L'Etat va doubler le budget qu'il alloue au développement de la vidéosurveillance pour le porter à 20 millions d'euros en 2010, a annoncé début octobre le ministre de l'intérieur. Récemment, deux annonces anglophones révèlent des concepts permissifs à l'omni-surveillance. Les nations seront-elles bientôt sous surveillance?
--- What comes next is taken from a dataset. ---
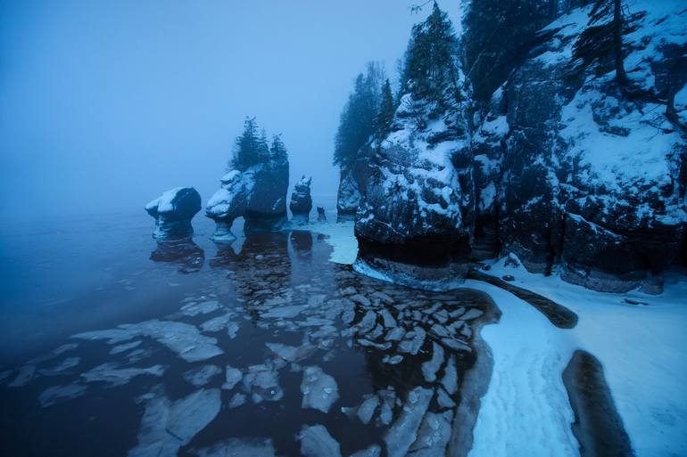 Ice breaking up as the tides rise at Hopewell Rocks under a thick blanket of fog at sunrise. All large prints are an edition of 3, and are available in 20x30, 32x48, 40x60 & 48x72 (or similar size depending on the format of capture). All images medium format film camera or D800, and prints provided...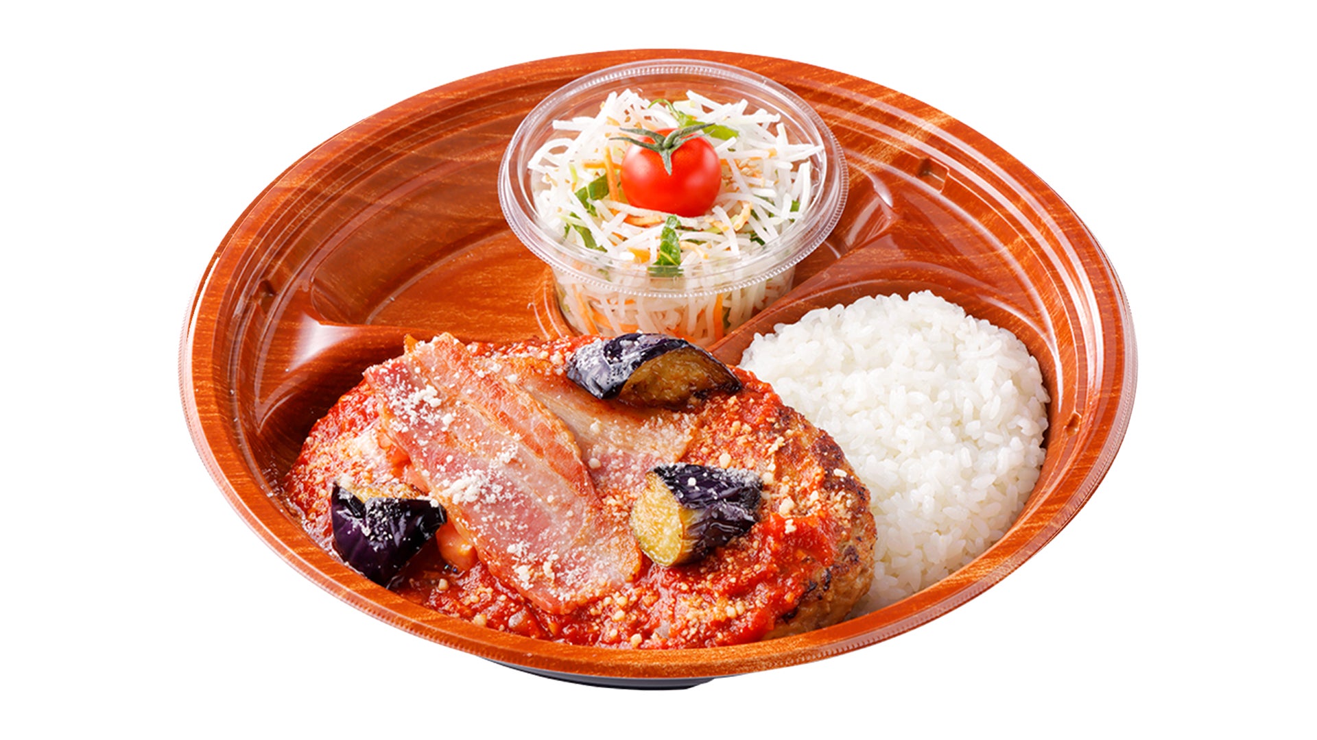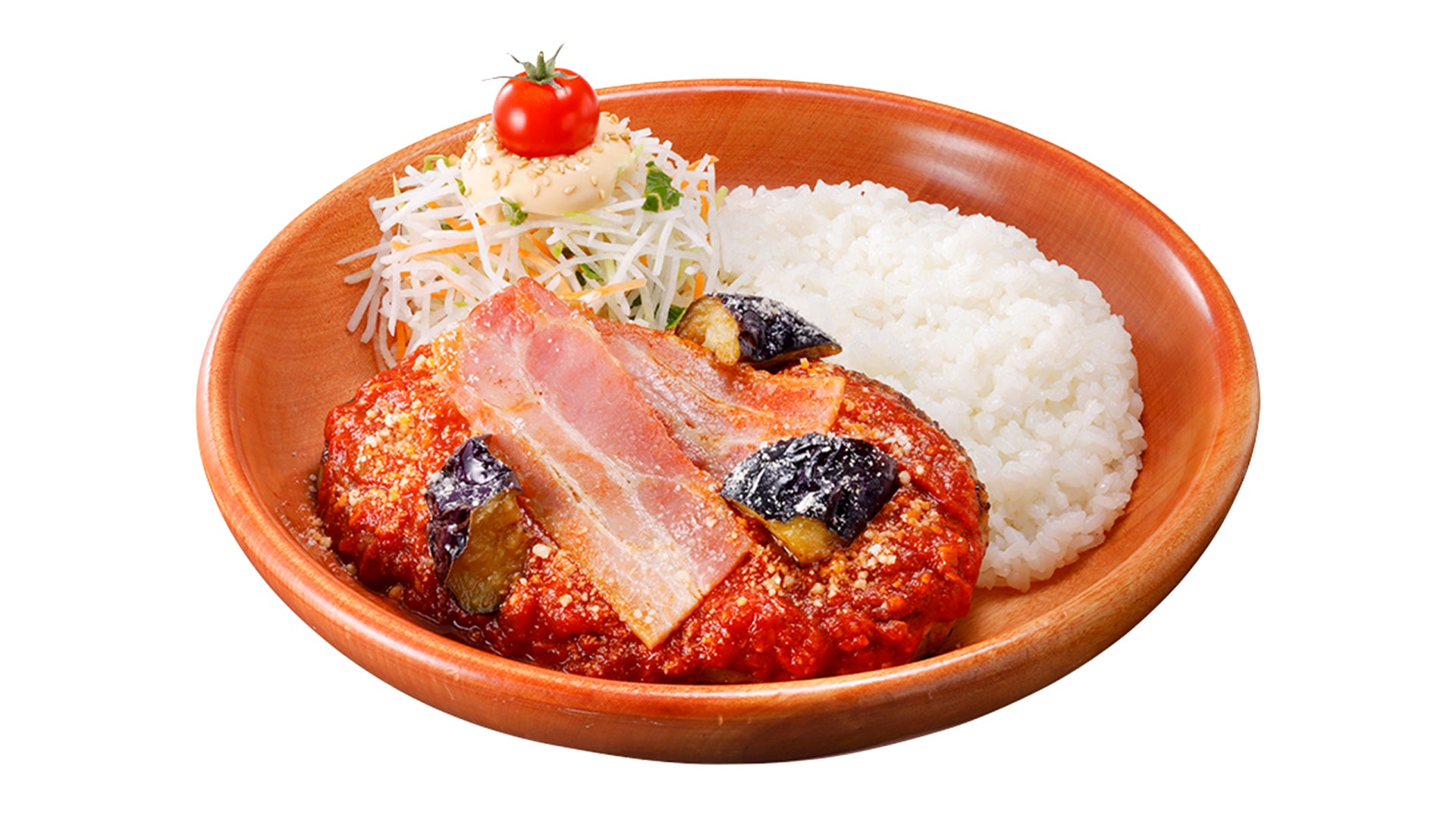 今年は、シュリンプフリットが乗った「角切りトマトとシュリンプのオムバーグディッシュ」、ベーコン、茄子、パルミジャーノの旨味の相乗効果が愉しめる「厚切りベーコンと茄子のアラビアータバーグディッシュ」が初登場。

La première initiative est une application qui sera intégrée dans
Google Earth. Il s'agit de combiner ce que captent les satellites et ce qu'enregistrent les caméras de surveillance. Les données enregistrées en temps réel sont modélisées en 3D, puis réintégrées dans le logiciel. La puissance de calcul des ordinateurs permet aujourd'hui ce genre de prouesse (cf: iOpener, se mesurer en temps réel aux coureurs de F1).


[via Popsi]

Le second service lancée prochainement par une entreprise britannique est le projet Internet Eyes (Les Yeux d'Internet). Celui-ci consiste à repartir le contrôle de toutes les caméras de surveillance en service (commerces, lieux publics,...) à des internautes, puis de les rémunérer s'ils interceptent des fraudes. De la délation à grande échelle? (cf : Souriez, les internautes vous observent - Ecrans.fr).
La complémentarité de ses deux projets, aujourd'hui distincts, pourraient accélérer la mise en place de l'auto-surveillance globale, surtout si l'on hypothéthise que tous les citoyens porteront une caméra sur eux dans quelques années.